Repeat every record word for word and omit the images.

Start of STORED DATA

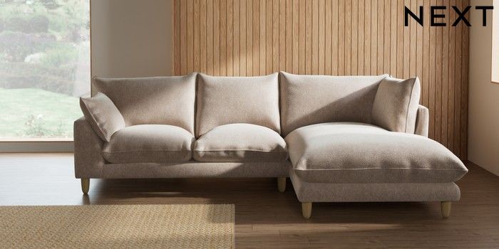 7.2.10 Noa Deep Relaxed Sit Medium Corner Chaise - Right Hand Cotswold Chenille Light Natural High Leg - Light | Made Click here to use our website with more accessibility support, for example screen readers
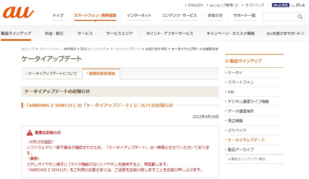 KDDIおよび沖縄セルラーは23日、モバイルWiMAXに対応し、防水やおサイフケータイ、ワンセグ、赤外線機能といった国内において需要の高い機能を搭載したAndroidスマートフォン「ARROWS Z ISW11F」(富士通東芝モバイルコミュニケーションズ製)において先日19日に配信開始したケータイアップデートを適用後にステレオイヤホン端子に (マイク機能のない) イヤホンを接続すると再起動する不具合が見つかったとして該当するケータイアップデートを一時停止したことをお知らせしています。
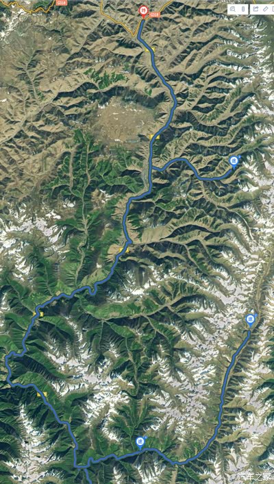 离别泉华滩,开始了上图两个途经点之间,凯立德、百度地图都没有标注的恶劣路段,奔向贡嘎主峰。
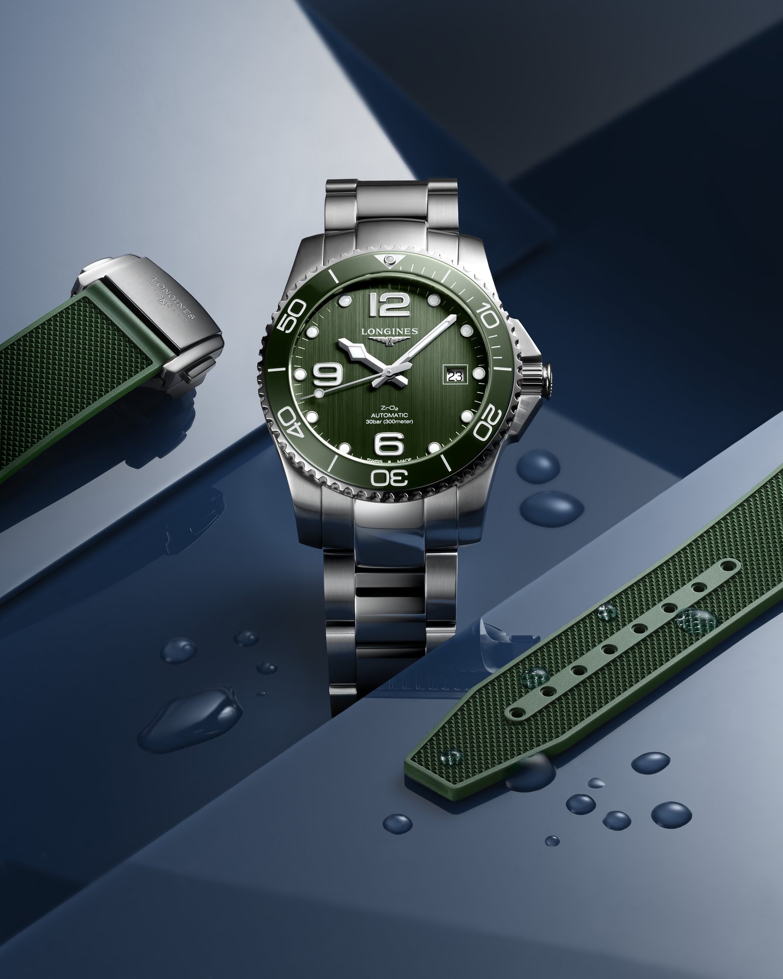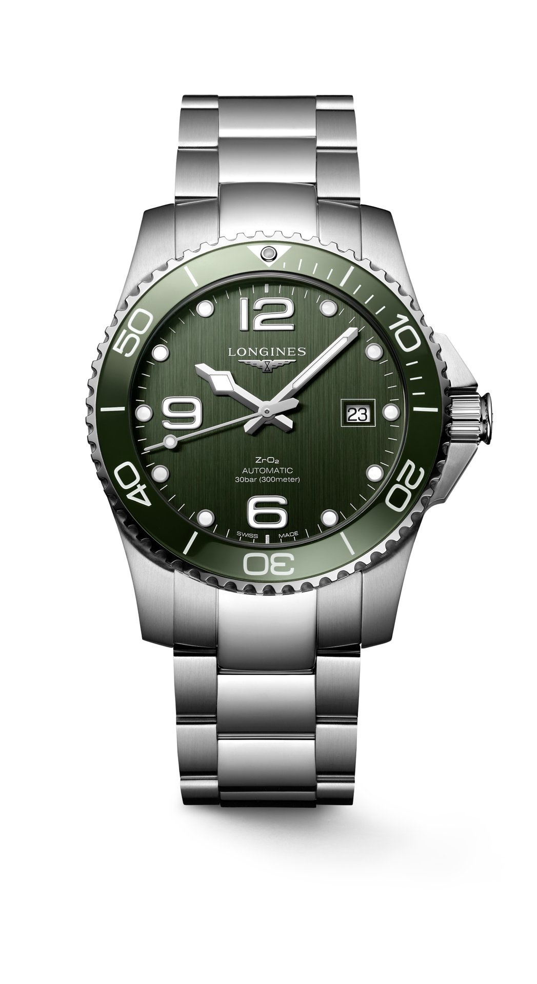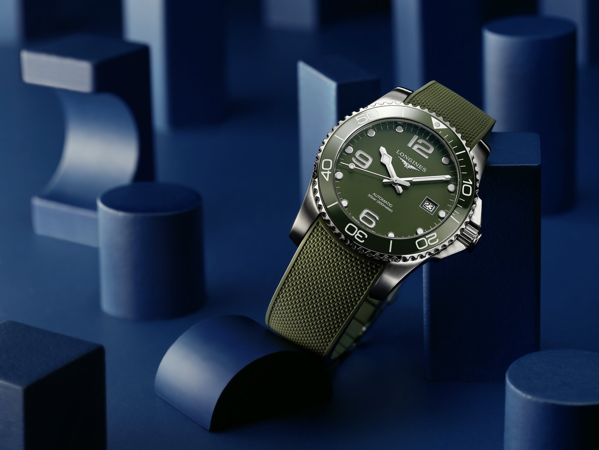 Whether in khaki or bright green, the new HydroConquest, which is the result of Longines’ expertise in the sports field, is sure to stand out with its sleek, bold look.
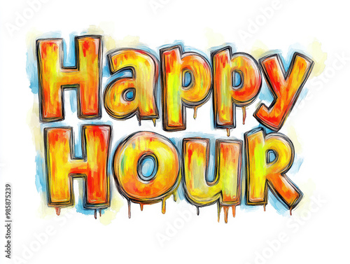 Playful 'Happy Hour' text in bright colours with a dripping effect on a white background.
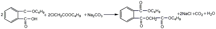(3 ) put the monobutyl phthalate, butyl chloroacetate and sodium carbonate prepared above into the reaction kettle in a molar ratio of 1:1.1:0.6, and raise the temperature to 150°c with stirring to perform condensation. the crude product is washed with water at 60-70°c, and then washed with 10% soda ash. after washing with water, add thin film for evaporation. then use activated carbon with a mass of about 2% of the mass of butyl ester to decolorize at 80-90°c, and finally press filter to obtain the finished product.
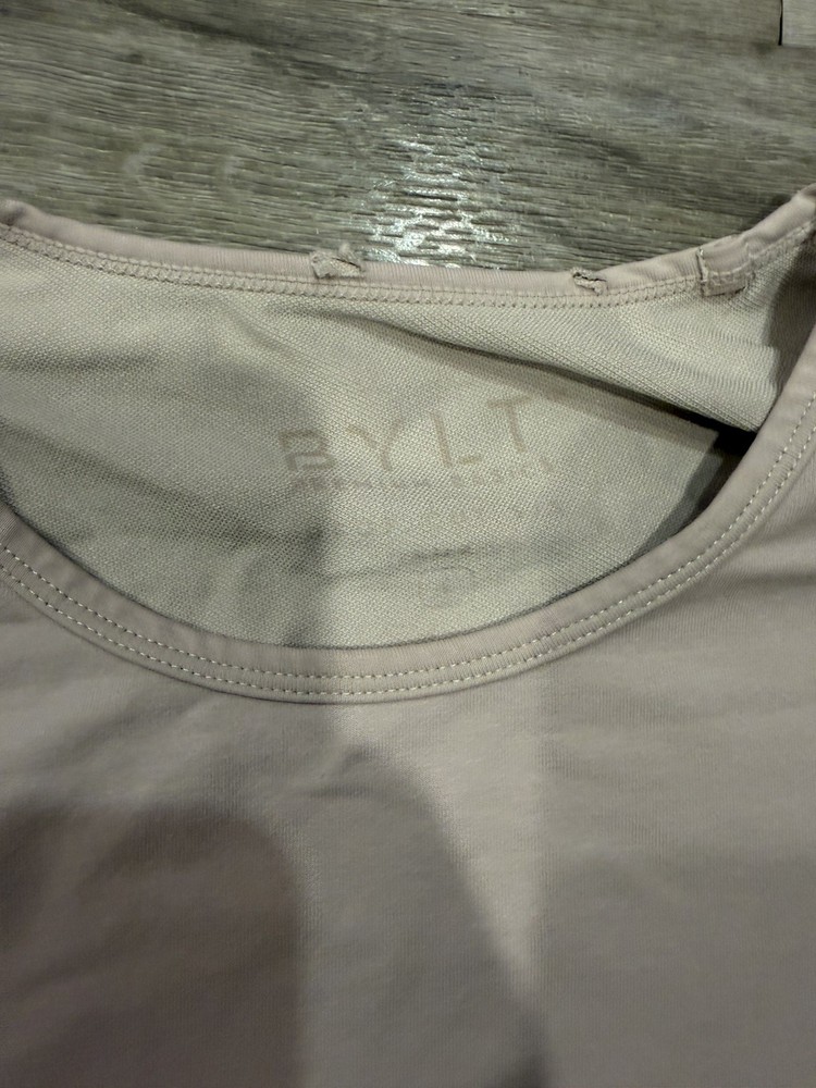 Refresh your essentials with this BYLT Basics Drop-Cut LUX Tee in a soft light pink / blush colorway. Designed with a modern silhouette and premium materials, this tee delivers a clean, elevated look that works effortlessly for everyday wear, casual outings, or layering. Constructed from BYLT’s signature LUX fabric, this shirt features a structured drape, 4-way stretch, and a drop-cut elongated hem for a flattering, contemporary fit. The tapered profile offers a sleek appearance while remaining comfortable and flexible throughout the day. Condition • Pre-owned • Light to moderate wear consistent with regular use • Faint discoloration and small spot visible on front. Some holes on collar that do not impact structural integrity and are not very visible worn. (see close-up photos) • Interior collar branding faded from washing • No major structural flaws • Still fully wearable and functional Please review all photos carefully for exact condition and details. Features • Size: Men’s Large • Color: Light Pink / Blush / Pale Rose • Crew neck • Drop-cut elongated hem • Tapered modern fit • Tight-knit premium LUX fabric • Soft yet structured feel • Wrinkle-resistant • 4-way stretch for comfort and mobility Fabric & Care • 70% Cotton / 25% Polyester / 5% Spandex • Machine wash cold • Hang dry recommended to preserve fit and color This tee pairs easily with jeans, chinos, joggers, or layered under hoodies and jackets. A versatile premium basic with a clean, minimalist aesthetic. ⸻ BYLT Basics, Drop Cut Tee, LUX Tee, Mens Large Shirt, Light Pink T Shirt, Blush Tee, Premium Basics, Minimalist Shirt, Streetwear Tee, Elongated Hem Shirt, Crew Neck Tee, Modern Fit T Shirt, Stretch Cotton Tee
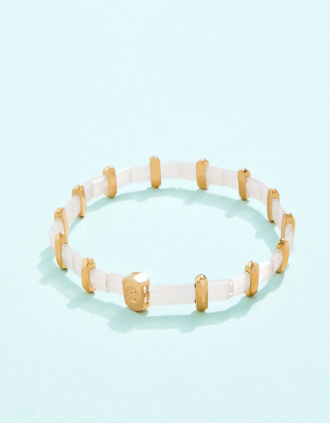 This bracelet is vacation-ready, but let’s face it: we want to be on vacation every day! Designed to shine through everyday wear, exercise, showers and a summer at the beach in tarnish free & water resistant 14kt gold vacuum plated beads mixed with glass beads. You will never have to take it off. Great for stacking or mixing and matching.
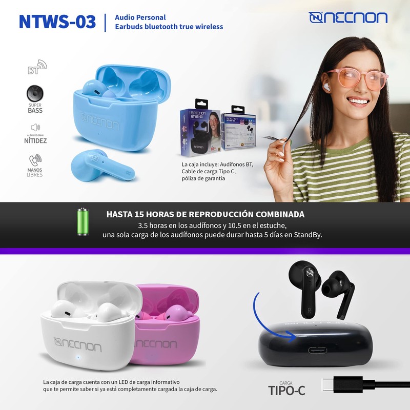 N NECNON AUDIFONOS INALAMBRICOS IN-Ear NTWS-03 (Azul)

End of STORED DATA

=== ANSWER AREA ===
 7.2.10 Noa Deep Relaxed Sit Medium Corner Chaise - Right Hand Cotswold Chenille Light Natural High Leg - Light | Made Click here to use our website with more accessibility support, for example screen readers
 KDDIおよび沖縄セルラーは23日、モバイルWiMAXに対応し、防水やおサイフケータイ、ワンセグ、赤外線機能といった国内において需要の高い機能を搭載したAndroidスマートフォン「ARROWS Z ISW11F」(富士通東芝モバイルコミュニケーションズ製)において先日19日に配信開始したケータイアップデートを適用後にステレオイヤホン端子に (マイク機能のない) イヤホンを接続すると再起動する不具合が見つかったとして該当するケータイアップデートを一時停止したことをお知らせしています。
 离别泉华滩,开始了上图两个途经点之间,凯立德、百度地图都没有标注的恶劣路段,奔向贡嘎主峰。
 Whether in khaki or bright green, the new HydroConquest, which is the result of Longines’ expertise in the sports field, is sure to stand out with its sleek, bold look.
 Playful 'Happy Hour' text in bright colours with a dripping effect on a white background.
(3 ) put the monobutyl phthalate, butyl chloroacetate and sodium carbonate prepared above into the reaction kettle in a molar ratio of 1:1.1:0.6, and raise the temperature to 150°c with stirring to perform condensation. the crude product is washed with water at 60-70°c, and then washed with 10% soda ash. after washing with water, add thin film for evaporation. then use activated carbon with a mass of about 2% of the mass of butyl ester to decolorize at 80-90°c, and finally press filter to obtain the finished product.
 Refresh your essentials with this BYLT Basics Drop-Cut LUX Tee in a soft light pink / blush colorway. Designed with a modern silhouette and premium materials, this tee delivers a clean, elevated look that works effortlessly for everyday wear, casual outings, or layering. Constructed from BYLT’s signature LUX fabric, this shirt features a structured drape, 4-way stretch, and a drop-cut elongated hem for a flattering, contemporary fit. The tapered profile offers a sleek appearance while remaining comfortable and flexible throughout the day. Condition • Pre-owned • Light to moderate wear consistent with regular use • Faint discoloration and small spot visible on front. Some holes on collar that do not impact structural integrity and are not very visible worn. (see close-up photos) • Interior collar branding faded from washing • No major structural flaws • Still fully wearable and functional Please review all photos carefully for exact condition and details. Features • Size: Men’s Large • Color: Light Pink / Blush / Pale Rose • Crew neck • Drop-cut elongated hem • Tapered modern fit • Tight-knit premium LUX fabric • Soft yet structured feel • Wrinkle-resistant • 4-way stretch for comfort and mobility Fabric & Care • 70% Cotton / 25% Polyester / 5% Spandex • Machine wash cold • Hang dry recommended to preserve fit and color This tee pairs easily with jeans, chinos, joggers, or layered under hoodies and jackets. A versatile premium basic with a clean, minimalist aesthetic. ⸻ BYLT Basics, Drop Cut Tee, LUX Tee, Mens Large Shirt, Light Pink T Shirt, Blush Tee, Premium Basics, Minimalist Shirt, Streetwear Tee, Elongated Hem Shirt, Crew Neck Tee, Modern Fit T Shirt, Stretch Cotton Tee
 This bracelet is vacation-ready, but let’s face it: we want to be on vacation every day! Designed to shine through everyday wear, exercise, showers and a summer at the beach in tarnish free & water resistant 14kt gold vacuum plated beads mixed with glass beads. You will never have to take it off. Great for stacking or mixing and matching.
 N NECNON AUDIFONOS INALAMBRICOS IN-Ear NTWS-03 (Azul)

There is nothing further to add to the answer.